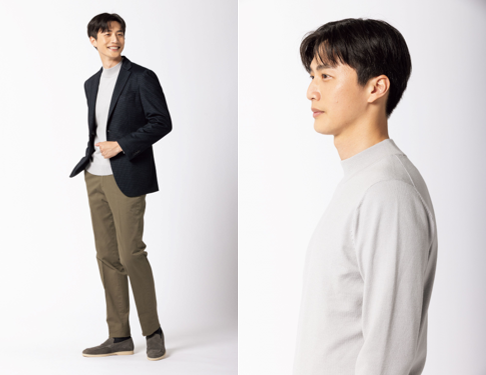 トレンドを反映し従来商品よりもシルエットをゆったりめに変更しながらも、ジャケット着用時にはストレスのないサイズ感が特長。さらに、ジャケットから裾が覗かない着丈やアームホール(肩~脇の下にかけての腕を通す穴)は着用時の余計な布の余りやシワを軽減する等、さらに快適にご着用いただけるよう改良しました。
==
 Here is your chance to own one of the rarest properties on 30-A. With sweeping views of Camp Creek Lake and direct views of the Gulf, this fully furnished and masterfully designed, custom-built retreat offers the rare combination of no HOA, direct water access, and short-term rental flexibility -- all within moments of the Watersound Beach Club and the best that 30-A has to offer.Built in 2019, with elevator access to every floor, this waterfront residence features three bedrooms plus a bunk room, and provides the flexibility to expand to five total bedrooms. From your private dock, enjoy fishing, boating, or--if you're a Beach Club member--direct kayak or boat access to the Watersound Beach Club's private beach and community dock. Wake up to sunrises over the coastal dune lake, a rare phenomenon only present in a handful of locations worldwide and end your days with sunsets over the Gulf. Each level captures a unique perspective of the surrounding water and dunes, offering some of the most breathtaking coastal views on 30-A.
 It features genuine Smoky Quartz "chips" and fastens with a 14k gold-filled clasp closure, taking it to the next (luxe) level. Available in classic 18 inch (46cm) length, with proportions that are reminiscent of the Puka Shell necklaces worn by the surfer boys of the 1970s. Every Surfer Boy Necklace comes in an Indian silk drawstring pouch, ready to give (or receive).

EXERCISE GOAL: From the line containing "Here is your" down to the line containing "It features genuine" in the material above, reproduce every line exactly, including the two end lines.

FINISHED TASK:
 Here is your chance to own one of the rarest properties on 30-A. With sweeping views of Camp Creek Lake and direct views of the Gulf, this fully furnished and masterfully designed, custom-built retreat offers the rare combination of no HOA, direct water access, and short-term rental flexibility -- all within moments of the Watersound Beach Club and the best that 30-A has to offer.Built in 2019, with elevator access to every floor, this waterfront residence features three bedrooms plus a bunk room, and provides the flexibility to expand to five total bedrooms. From your private dock, enjoy fishing, boating, or--if you're a Beach Club member--direct kayak or boat access to the Watersound Beach Club's private beach and community dock. Wake up to sunrises over the coastal dune lake, a rare phenomenon only present in a handful of locations worldwide and end your days with sunsets over the Gulf. Each level captures a unique perspective of the surrounding water and dunes, offering some of the most breathtaking coastal views on 30-A.
 It features genuine Smoky Quartz "chips" and fastens with a 14k gold-filled clasp closure, taking it to the next (luxe) level. Available in classic 18 inch (46cm) length, with proportions that are reminiscent of the Puka Shell necklaces worn by the surfer boys of the 1970s. Every Surfer Boy Necklace comes in an Indian silk drawstring pouch, ready to give (or receive).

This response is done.